Journalists are expected to be the eyes and ears of the world. They filter tragedies through themselves and re-create horrors and injustices on film and paper.

But many journalists believe they are not supposed to be among the traumatized. Despite growing evidence and acceptance in the industry that traumatic stress is affecting journalists, the industry clings to images of valiant reporters unscathed by endless horrors and catastrophes.

"Journalists work close to death, violence and devastating tragedy. Yet they often deny that reality," wrote associate professor Roger A. Simpson and doctoral student James G. Boggs, both of University of Washington, in an article published in journalism & Communication Monographs in spring 1999. " Unlike their counterparts in public safety agencies and mental health programs, journalists and their employers give little attention to the terrible eccretion of the effects of their work. Indeed, the culture of daily newspaper journalism resists such attention."

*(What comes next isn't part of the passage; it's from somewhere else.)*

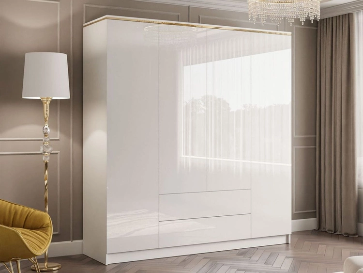 Szafka RTV pod telewizor z drzwiczkami na złotych nóżkach 200 cm Noaé Biały Połysk
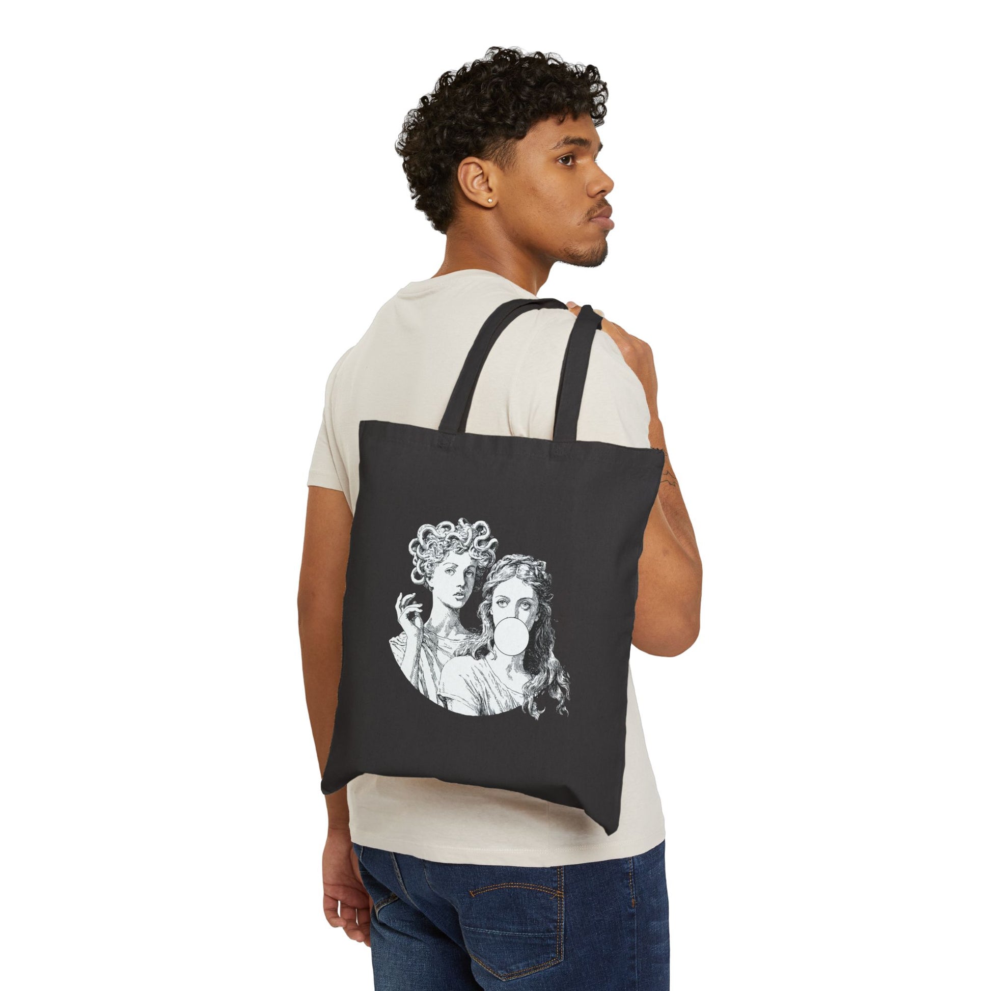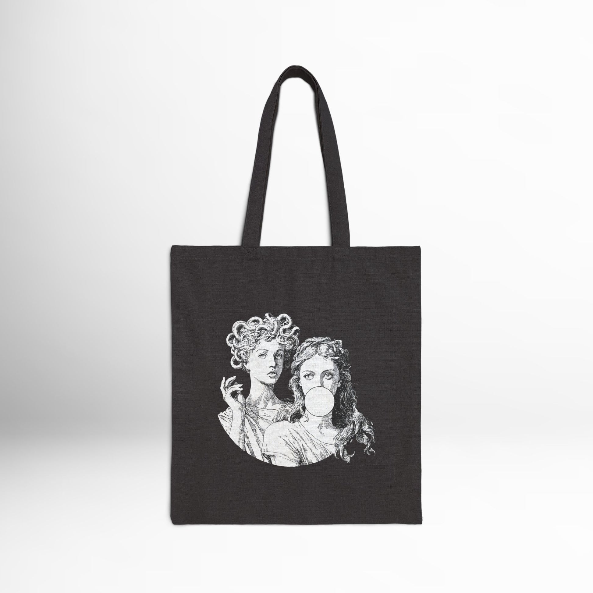 Medusa and Athena Greek mythology tote bag with bubblegum twist. Black cotton reusable tote, eco-friendly and stylish for daily use.

Perhaps journalisms violent history and iron-willed stereotypes pervade the modern perception that good journalists are impervious to the emotional stresses of their profession. David Dary wrote in his book "Red Blood & Black Ink" that many editors of

America's Old West carried guns and some even shot their defamers.

"It is not surprising that the most respected early editors were often those who could fight with their fists as well as their pens, in a very personal way," he wrote.

"Hey, do you think John Wayne would ever cry?" said Bill Vaile, 66, a part-time journalism professor at The Metropolitan State College of Denver. "This is our profession. This is what we do. We have to keep the wolves at the door, because if we let them in, who knows what we'll see?"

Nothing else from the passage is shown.